It took a few years of writing before I first considered myself a “real” writer. When did you first think of yourself as a “real” writer? 

What is a real writer? I get confused when people say that. We are either all real writers or none of us are. Given all the barriers to writers from marginalized backgrounds, I guess my alarm bells go off. There’s an interesting discussion to be had around the entire concept of realness. Who gets who to be real in our culture, and what does that mean for those who are not seen as real? Women in particular get a lot of messages about who is a “real” woman, based on everything from our looks to private decisions about parenting. As a long-time foster mom, it reminds me of all the times people say “real” mom in front of me. I’ve been told I am not the “real” mom, to which I reply I’m pretty sure I am not imaginary. If you write, you are a writer. And personally, I thank each and every one of you for writing. We need your voices.

I met you through an online community of writers, where you frequently provide thoughtful advice from your hard-won experiences as an author. You also routinely champion the work of other writers. Do you have a personal philosophy on literary citizenship?

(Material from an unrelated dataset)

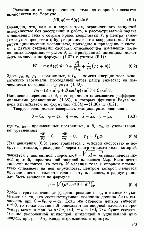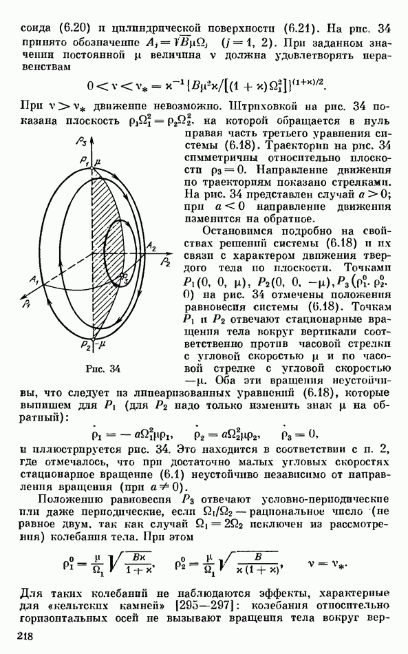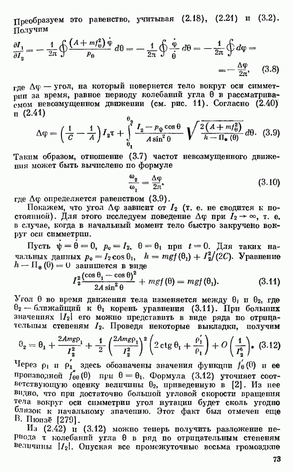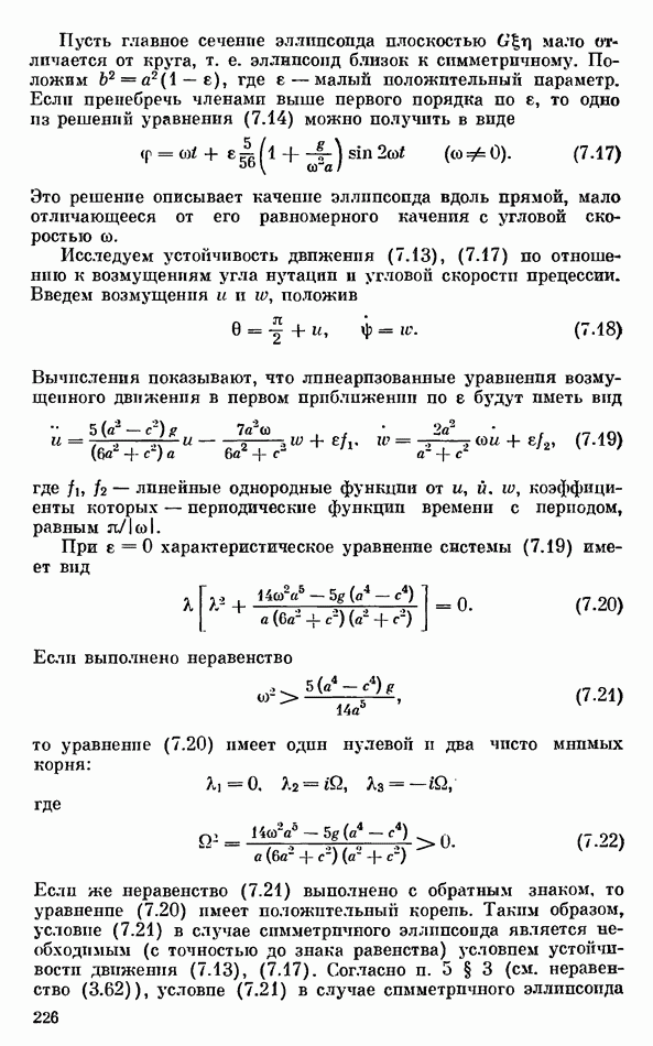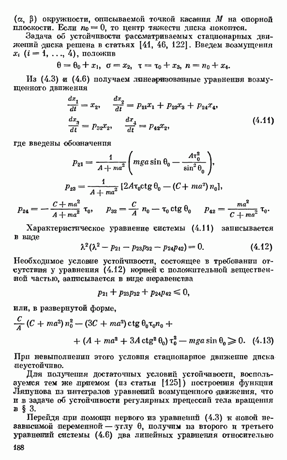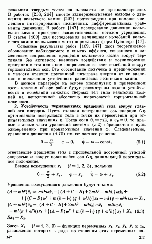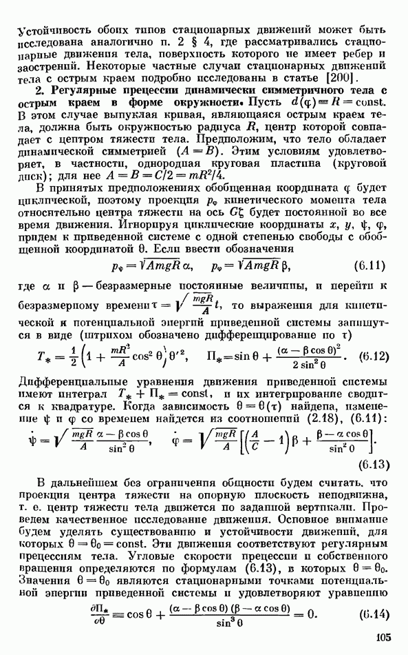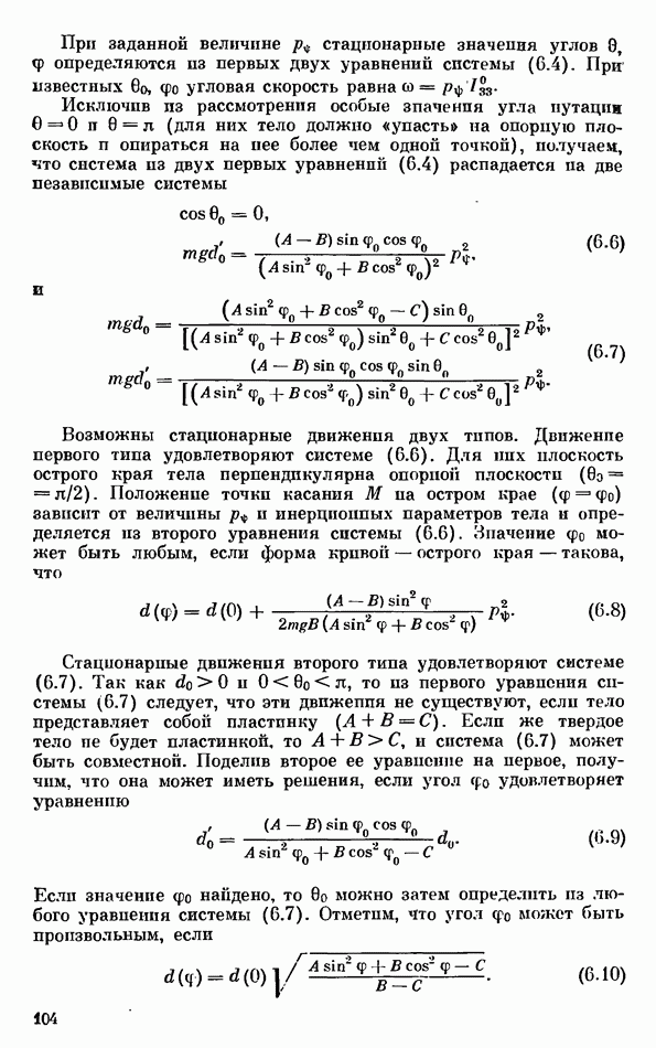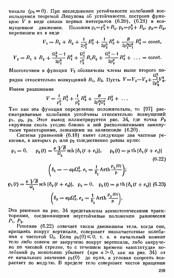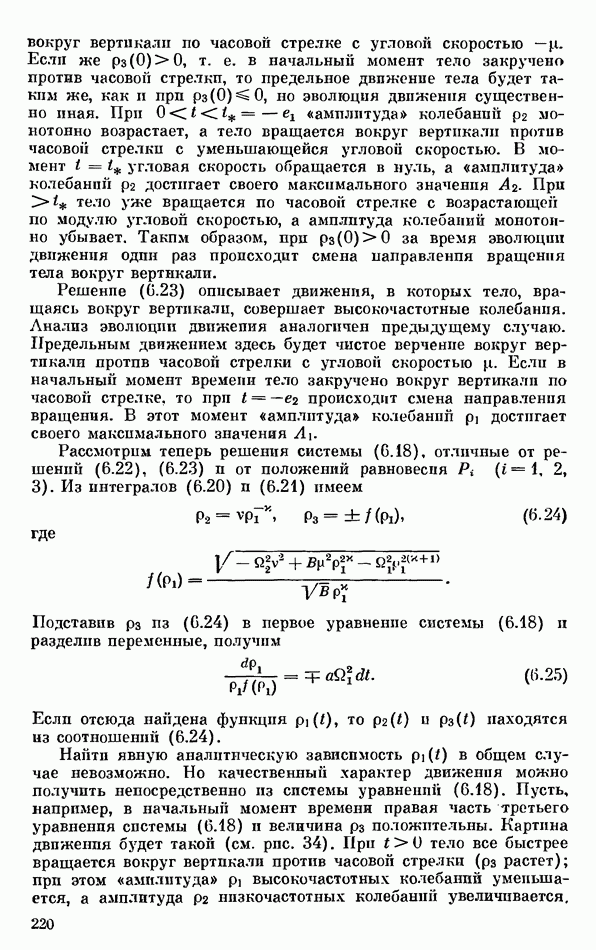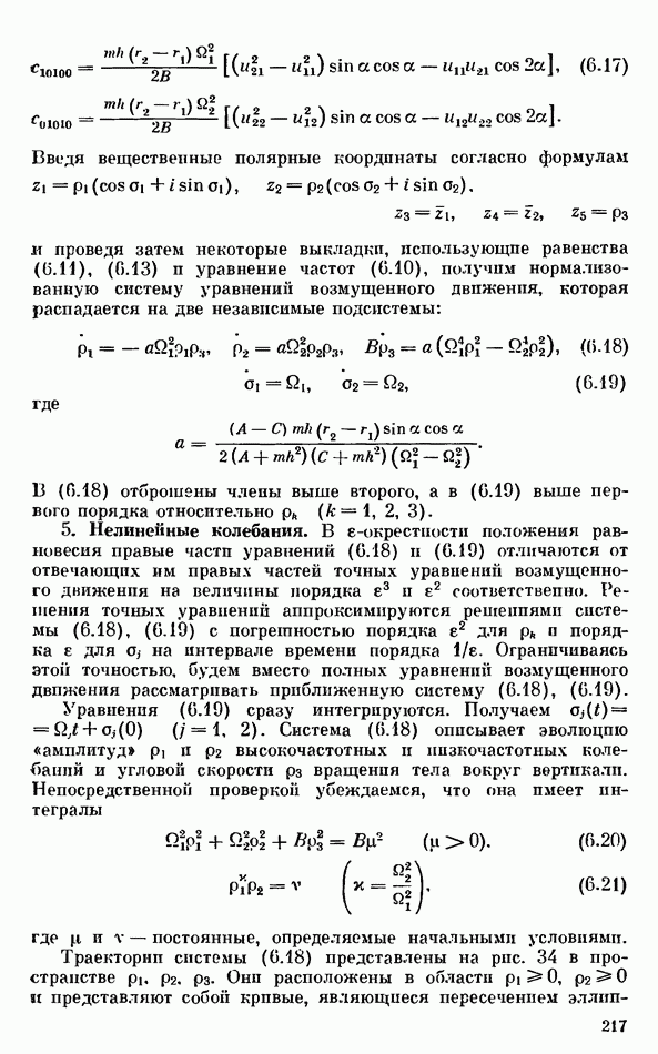 . В линеаризованной спстеме (6.9) первые два уравнения, описывающие изменение со временем углов нутации и собственного вращения, отделяются от третьего уравнения, описывающего вращение тела вокруг вертикали. Замечая, что формально эти два уравнения можно рассматривать как уравнения малых колебаний консервативной системы, сделаем в уравнениях (6.9) замену переменных

Thank you! I do it because I love it. It makes me feel good to champion other writers. It’s hard to be a writer, it’s hard to be a good person, and being there to help others seems like an easy way to do something nice. Plus, what are we without each other? I was lucky to find support when I was an aspiring writer, and still feel blessed to know so many wonderful, talented writers. I don’t really have a philosophy on it except to say that bitterness is the enemy of art. If you are an asshole it will come back to you. When I was a much younger writer I was, at times, a real asshole. I wrote things out of anger that I had misplaced. I really regret that and feel tremendous remorse for it. I wish I could go back in time and take it all back.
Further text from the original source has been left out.